Soignants : pour ceux qui restent, mobilisation en urgence absolue

Pour le personnel, contrairement à ce que prétend le gouvernement, l’été ne s’est pas bien passé. © Photo PQR / Ouest France/ Maxppp
La mobilisation du 22 septembre ne sera pas unitaire malgré la dégradation persistante de notre système de santé.

« Nous avons des solutions, nous exigeons des actes. » C’est dans cet esprit que la fédération Cgt de la santé et son Ufmict (Union fédérale des médecins, ingénieurs, cadres, techniciens) appellent à la mobilisation du 22 septembre, qu’elles entendent décliner dans les établissements et les manifestations. Dès avant l’été, le syndicat exprimait ses craintes quant à un affaiblissement persistant des moyens et à la fuite des soignants, qui se sont notamment traduits par la « régulation médicale préalable » – pour ne pas dire « tri » – dans les services d’urgence saturés, voire fermés à certains moments.

La Cgt santé espérait une convergence des organisations et associations représentatives des personnels face à l’aggravation prévisible de la situation, en particulier à l’hôpital public. La Cfe-Cgc, le Printemps de la Psychiatrie, le Collectif inter-urgences y participeront, mais pas les trois syndicats signataires du Ségur (Fo, Cfdt, Unsa), qui n’en sont pourtant pas satisfaits, mais qui appellent à une journée d’action cinq jours plus tard, le 27 septembre.

Les soignants veulent témoigner. L’été ne s’est pas bien passé, leurs conditions de travail et d’accueil des patients, partout, continuent de se dégrader dangereusement. Ainsi au Chu de Toulouse, comme l’expliquent Julien Gavarret, infirmier à l’Oncopole, et Sylvain Béduz, manipulateur radio à Rangueil.

Il s’agit de rappeler que les mesures proposées par la « mission flash » du désormais ministre François Braun n’ont pas permis d’éviter le pire partout, et que si l’hôpital a tenu, c’est encore et toujours au prix du dévouement et de l’épuisement des soignants. D’autant plus que le manque de personnel a continué de justifier les fermetures de lits et de services.

Le déploiement à grande échelle du tri et de la sélection des personnes sollicitant les services d’urgence a culpabilisé les soignants comme les patients. Pour ces derniers, il a parfois empêché une prise en charge garantissant les meilleures chance d’être soignés vite et bien – voire compromis leurs chances de survie. Partout, les soignants font ce qu’ils peuvent, comme en atteste également Jocelyne Goùt, infirmière à l’hôpital psychiatrique de Cadillac (Gironde).

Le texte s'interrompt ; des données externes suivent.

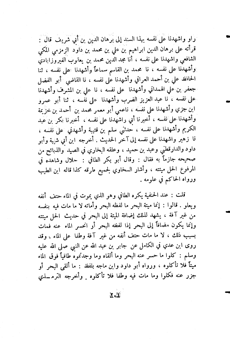 راو وأشهدنا على نفسه بهذا السند إلى برهان الدين بن أبي شريف قال: قرأته على برهان الدين إبراهيم بن علي بن محمد بن داود الزمزمي المكي الشافعي وأشهدنا على نفسه، أنا مجد الدين محمد بن يعقوب الفيروزابادي وأشهدنا على نفسه، نا محمد بن القاسم سماعاً وأشهدنا على نفسه، ثنا الحافظ علي بن أحمد العراقي وأشهدنا على نفسه، نا القاضي أبو الفضل جعفر بن علي الهمداني وأشهدنا على نفسه، نا علي بن المشرف وأشهدنا على نفسه، نا عبد العزيز الضرب وأشهدنا على نفسه، ثنا أبو عمرو بن جزي وأشهدنا على نفسه، نا عمي أبو معمر محمد بن أحمد بن خزيمة وأشهدنا على نفسه، أخبرنا أبي وأشهدنا على نفسه، أخبرنا بكر بن عبد الكريم وأشهدنا على نفسه، حدثني سلم بن قتيبة وأشهدني على نفسه، نا زهير وأشهدنا على نفسه إلى آخر الحديث. أخرجه ابن أبي شيبة وأبو داود والدارقطني وعبد بن حميد، وعلقه البخاري في الصيد والذبائح من صحيحه جازماً به فقال: وقال أبو بكر الطافي: حلال وشاهده في المرفوع الحل ميتته، وأشار السخاوي لجميع طرقه كذا قاله ابن الطيب ورواه الحاكم في علومه.

Très attachés au sens et à l’utilité sociale de leur travail, les soignants, partagés entre la colère, la fatigue et la peur d’un accident, n’en peuvent plus de ne pas pouvoir travailler comme ils devraient. Qui plus est, pour des salaires peu gratifiants et toujours pas attractifs aux yeux des jeunes, même si le gouvernement a ouvert, en cette rentrée, plus de places en instituts de formation en soins infirmiers (Ifsi) sans s’engager sur les revalorisations des métiers.

Pour la Cgt-Santé, la revalorisation de l’ensemble des salaires, la création de postes et l’amélioration des conditions d’entrée dans le milieu professionnel pour les jeunes, qui bénéficieront aux équipes dans leur ensemble, restent des revendications urgentes. Les psychologues, forts d’une plateforme revendicative commune, restent tout particulièrement engagés et prévoient d’être également visibles lors de la journée nationale d’action du 29.

Il s’agit de faire preuve d’ambition et d’anticipation pour ne pas courir à de nouvelles catastrophes. Les personnels des secteurs de la santé seront particulièrement vigilants durant les débats sur le Projet de loi de financement de la sécurité sociale (Plfss), qui doit se tenir cet automne, mais n’espèrent pas grand-chose des propositions qui émaneront du Conseil national de la refondation (Cnr), d’ores et déjà perçu comme un nouvel exercice illusoire de démocratie directe, et auxquels peu de corps intermédiaires ont accepté de participer. Ce n’est pas par manque d’idées que la Cgt n’ira pas : le diagnostic est connu, les catastrophes prévisibles, reste à savoir si la volonté politique de défendre un service public de qualité sera au rendez-vous.